Nothing but the lines below, from the first through the line containing "Εικόνα 4. Cosplay", should be set down, each one exactly and without pictures.

[Dataset records]
● ● ● ● ● ● ●

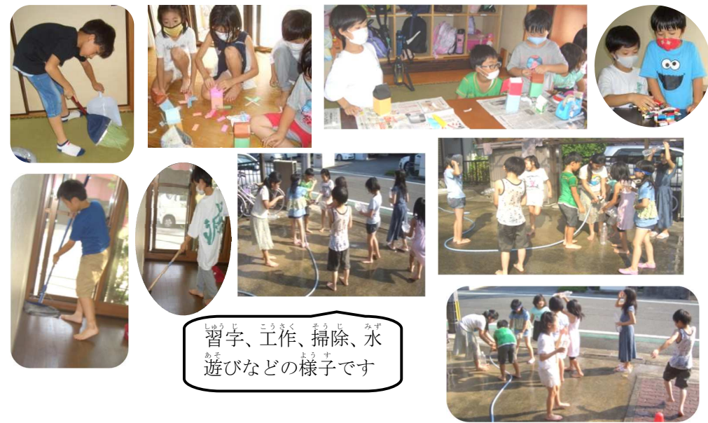
習字、工作、掃除、水遊びなどの様子です
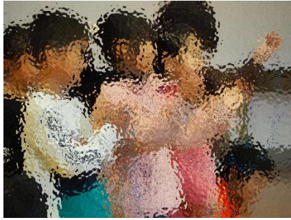
【1年：スーパー1年生参上!!】

わたしは、ときなんさいでなわとびをひろうします。あやとびを見てもらいたいので、れんしゅうをがんばっています。あやとびはとてもむずかしいです。まだあまりとべないので、ともだちといっしょに、れんしゅうをたくさんしています。みんなで「こいぬのマーチ」をえんそうしたり、うたをうたったりもします。みんなががんばって、すてきなところをいっぱい見てもらいたいです。
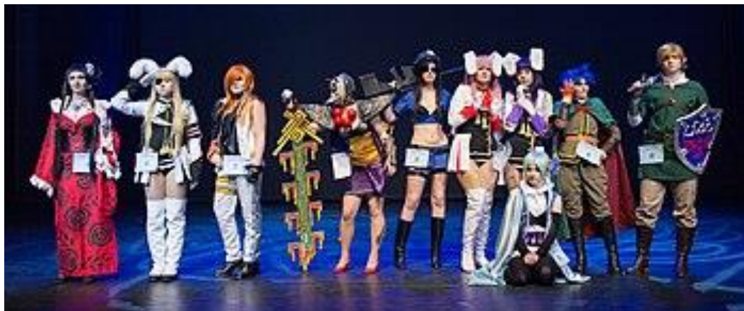
Εικόνα 4. Cosplay

μικρό χρόνο κ.ά.), ενδυνάμωση των αριθμητικών και μαθηματικών δεξιοτήτων, μετρήσεις και μετατροπές από δισδιάστατο σε τρισδιάστατο μοντέλο, καθώς και κριτική σκέψη και ικανότητα λύσης προβλημάτων (Abramova, Smirnova, & Tataurova, 2021).

● ● ● ● ● ● ●

◆ Response below:
習字、工作、掃除、水遊びなどの様子です
【1年：スーパー1年生参上!!】

わたしは、ときなんさいでなわとびをひろうします。あやとびを見てもらいたいので、れんしゅうをがんばっています。あやとびはとてもむずかしいです。まだあまりとべないので、ともだちといっしょに、れんしゅうをたくさんしています。みんなで「こいぬのマーチ」をえんそうしたり、うたをうたったりもします。みんなががんばって、すてきなところをいっぱい見てもらいたいです。
Εικόνα 4. Cosplay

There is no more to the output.